What If You Can't Find Your Dad's Will?

Despite the advice of professionals to the contrary, families often fail to discuss estate matters with each other.  Parents may not even say they have a will, let alone discuss its contents or location.  This may leave the surviving family trying to figure out the affairs of their deceased parent without knowing where to start.  The most important information is probably in the will.  It sets out what the estate likely consists of and who is to get what.  Frequently, locating the original will can be a problem.  It is needed to obtain probate.  What happens if you can’t find it? Can you probate a copy? 

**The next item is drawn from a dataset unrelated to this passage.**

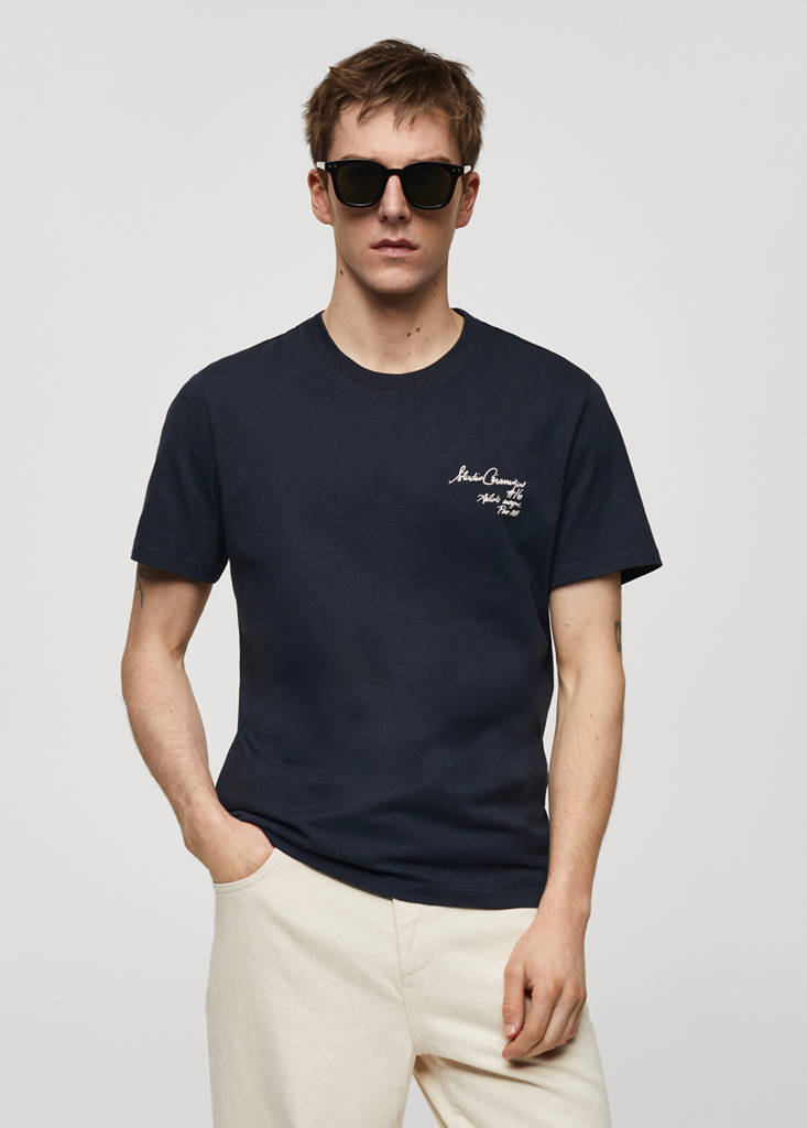 Slim fit. Mensaje estampado en la parte delantera. Cuello redondo acabado rib. Manga corta. Bajo recto. Dibujo estampado en la parte trasera. Tejido 100% algodón.

The short answer is yes, you may be able to probate a copy of the will but it depends who had it last and what circumstances led to its loss or disappearance.  If the deceased had possession of the will last and it cannot be found, then the law will presume he or she intended to revoke it by intentionally destroying it.  This is a rebuttable presumption but the consequence of it is that, in the eyes of the law, there is no will.  In that case, the deceased will be considered to have died “intestate”.  In those circumstances, the distribution of their estate is governed by Part 10 of the Estate Administration Act (In March 2014, this and other related statues will be replaced by the Wills, Estates and Succession Act.).  That legislation provides a cascading distribution among the family members depending on the particular circumstances of each case.  For example, a surviving spouse receives the first $65,000.  After that, the estate is split between the spouse and any children in amounts that depend on the number of children. 

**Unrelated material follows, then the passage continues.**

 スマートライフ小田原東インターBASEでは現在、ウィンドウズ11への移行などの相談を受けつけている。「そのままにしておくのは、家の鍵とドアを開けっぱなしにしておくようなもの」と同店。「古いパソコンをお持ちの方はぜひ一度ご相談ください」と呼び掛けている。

To rebut the presumption of revocation for a lost will, you must prove that it was actually lost rather than destroyed.  The evidence required must, in the words of the case law, establish “on a balance of probabilities that the will was inadvertently lost or misplaced.”  The burden of proof rests with the person seeking to establish it was not intentionally destroyed.  If someone other than the deceased had the will last, the law does not presume it to have been revoked.   But if the will was in the deceased’s possession and can’t be found, then the types of evidence that may discharge the presumption include whether:

  • the deceased made statements that confirm or contradict the terms of the will;
  • the deceased had good relationship with the beneficiaries of the will;
  • there was an event that led to the destruction or loss of other things belonging to the deceased (i.e., a fire, flood or burglary);
  • there were any dispositions of property by the deceased that either support or contradict the terms of the will;
  • the character of the deceased in the conduct of his or her affairs, such as keeping important documents in a safe place; or
  • the terms of the will are reasonable in light of the deceased’s circumstances and family.

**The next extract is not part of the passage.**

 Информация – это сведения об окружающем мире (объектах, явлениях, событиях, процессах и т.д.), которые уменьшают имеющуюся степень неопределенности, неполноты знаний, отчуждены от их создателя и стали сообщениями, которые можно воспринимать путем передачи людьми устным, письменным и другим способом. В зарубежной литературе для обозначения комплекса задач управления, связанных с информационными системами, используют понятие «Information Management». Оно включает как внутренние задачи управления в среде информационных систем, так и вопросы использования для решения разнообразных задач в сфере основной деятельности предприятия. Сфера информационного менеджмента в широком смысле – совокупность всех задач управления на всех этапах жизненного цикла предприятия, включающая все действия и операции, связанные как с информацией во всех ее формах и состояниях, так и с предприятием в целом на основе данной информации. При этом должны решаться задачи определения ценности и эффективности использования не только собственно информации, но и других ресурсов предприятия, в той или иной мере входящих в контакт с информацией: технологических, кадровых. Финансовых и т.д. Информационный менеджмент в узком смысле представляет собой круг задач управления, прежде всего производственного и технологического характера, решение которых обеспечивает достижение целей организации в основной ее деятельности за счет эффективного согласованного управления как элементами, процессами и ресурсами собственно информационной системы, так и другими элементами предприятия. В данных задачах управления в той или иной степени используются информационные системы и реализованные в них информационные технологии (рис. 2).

If you can’t find an original will but have a copy, then you will need to carry out a careful investigation and place the resulting evidence before the court in order to avoid an intestacy.  You will need to find out who drafted and witnessed the will.  You will need to speak to friends and family members.  You will likely need to speak to medical professionals and others to determine the mental state of the will maker.  You may even need to determine from bank records whether your parent’s safety deposit box was accessed in a manner consistent with removing the original will.  

One way for a testator to avoid this trouble is provided for in the Wills Act.  That statute allows a will maker to file a “wills notice” with the Vital Statistics Agency.  That notice sets out the date of the will and where the original is located.  This allows others, after the will maker’s death, to locate the original will quickly and easily.